You should include affiliate links (the special link each affiliate has for each product) in ALL your blog posts from the start.
You can add links to text, to your images, or add some banners and even videos to your blog posts and when somebody clicks on them and they buy, you get your commission.
I know, I know. unless you’re a very prolific writer, you’re not going to have a lot of content at the beginning. But it’s important that you start putting things in place so when you start getting more traffic you can make the most of it.
Don’t despair if you don’t have a lot of content yet, here’s where Pinterest really helps:
Pins with affiliate links
The good thing about using Pinterest for affiliate marketing is that you don’t even need to have a blog post for each product.
You can now use pins to link directly to the product you are recommending.
You don’t even need a blog, as McKinzie’s course shows you.
#TIP: ALWAYS check that you can use #affiliatelinks directly in social media posts.
Why use pins with affiliate links?
Affiliate marketing is a numbers game.
You’ll get a percentage of people that clickon your pin.

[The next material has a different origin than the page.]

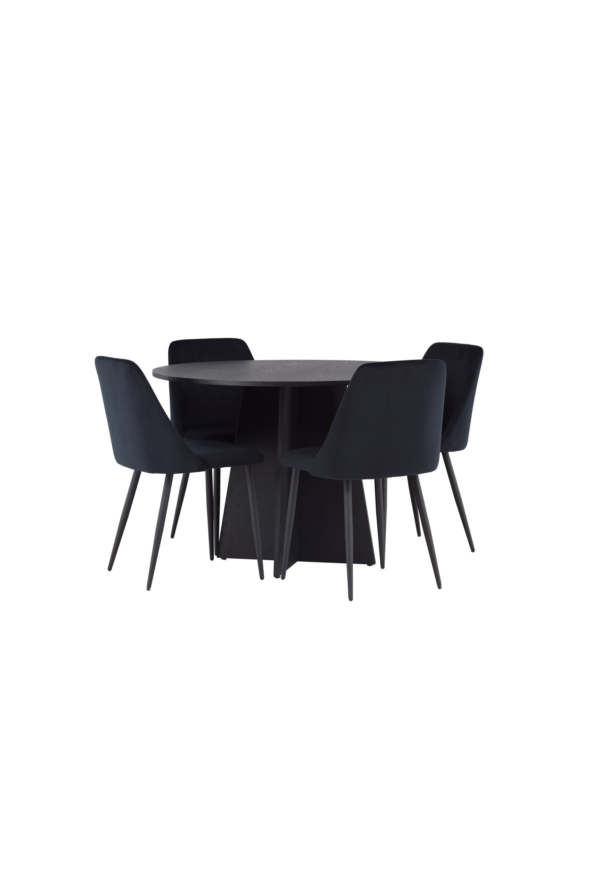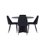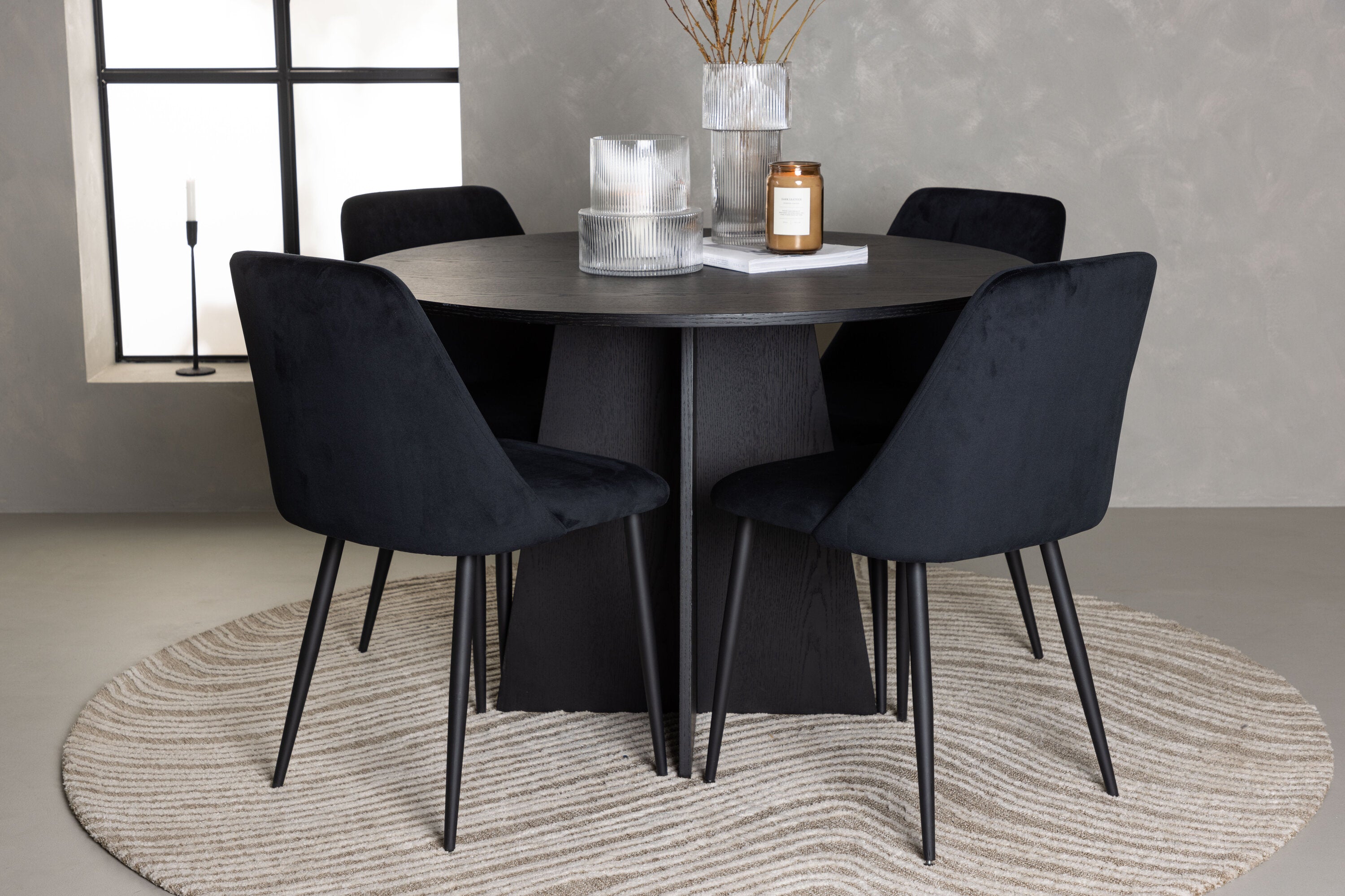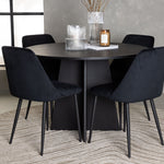 Bootcut kulatý jídelní stůl - černá / černá Fanéer + noční jídelní židle - černá / černá sametová _4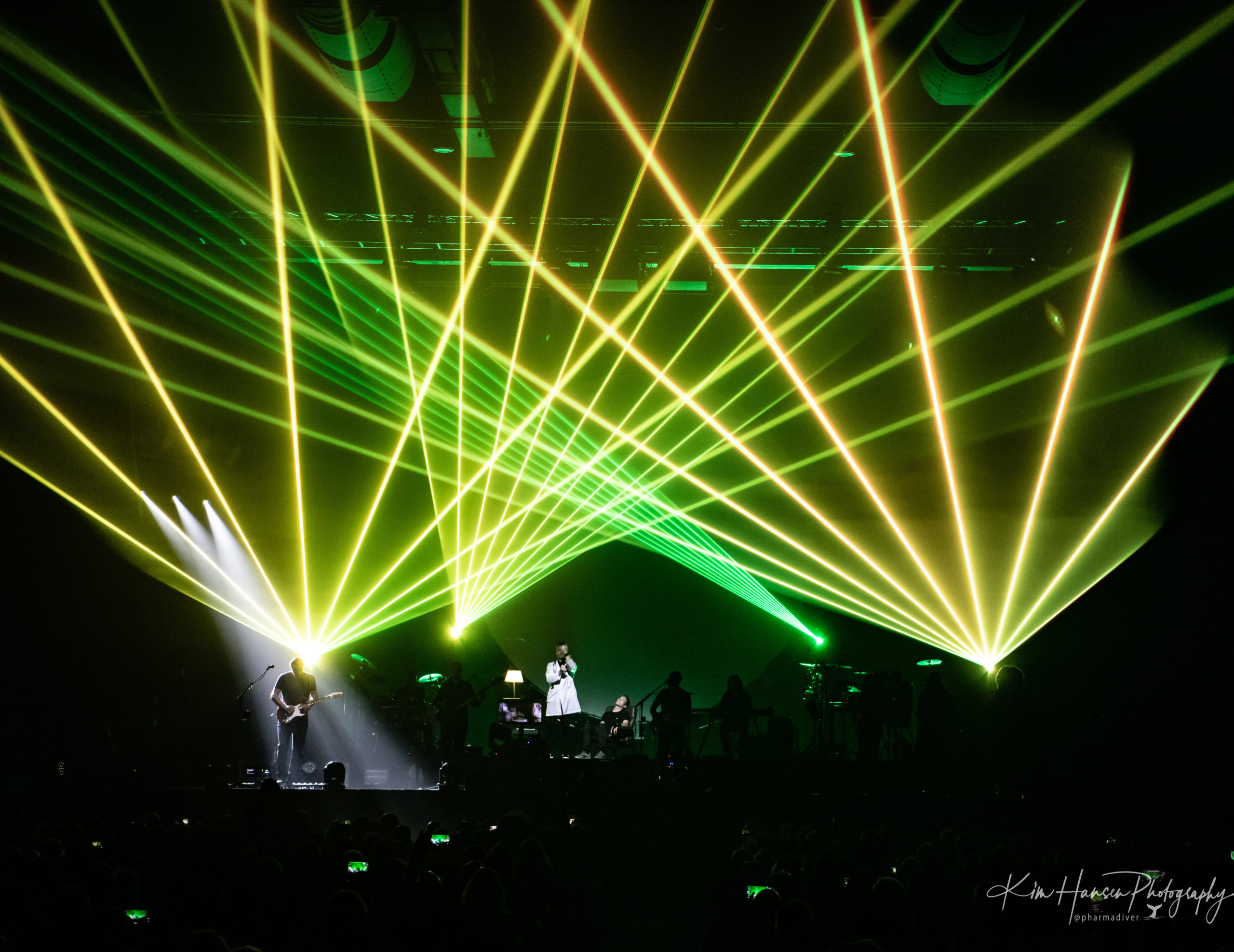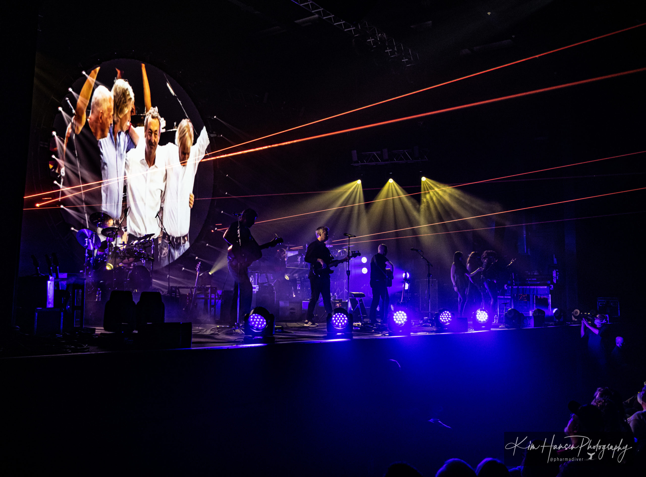 Wait, what’s going on? Have they forgotten Roger Waters’ contributions? My fears are quickly put to rest as the first notes of ‘Welcome To The Machine’ echo through the room. All the while, lights go in every direction, images appear across the massive circle dominating the stage and lasers paint waves and colored grids in the fog of the room.

Out of these people, a percentage of people that read the post will click on an affiliate link. Then, out of these people, a small number will actually buy the product.
So out of 1000 of people that read your blog post, you could get 5 or 10 actually buying it, depending on your conversion rate.
But if you are using pins to link directly to the products, you’re making this path much shorter. When your followers (or anybody that finds your pin on Pinterest) click on your pin, they go straight to the landing page.
Another reason is that it takes a while to create all the blog content you need, doesn’t it? But it can take you 10-15 minutes to have 2 or 3 new pins for one of the products. And another 5 minutes to schedule them in Tailwind and you’re done!
You need to have a variety of pinnable images for your blog posts and the products you recommend.
One thing I learnt from McKinzie is that it’s not just about using the right colours or the right fonts or the right design, it is about getting your followers to click on your pin. Once they’ve clicked on it, they can read all the info and decide if it’s for them.
Having several images also means that you’re not repeating the same pins all the time in group boards.
And you learn which pins get you more clickthroughs and more sales, so your pin design becomes more effective.In her course, McKinzie goes over pin design principles and shows you how she uses Canva to create her pins.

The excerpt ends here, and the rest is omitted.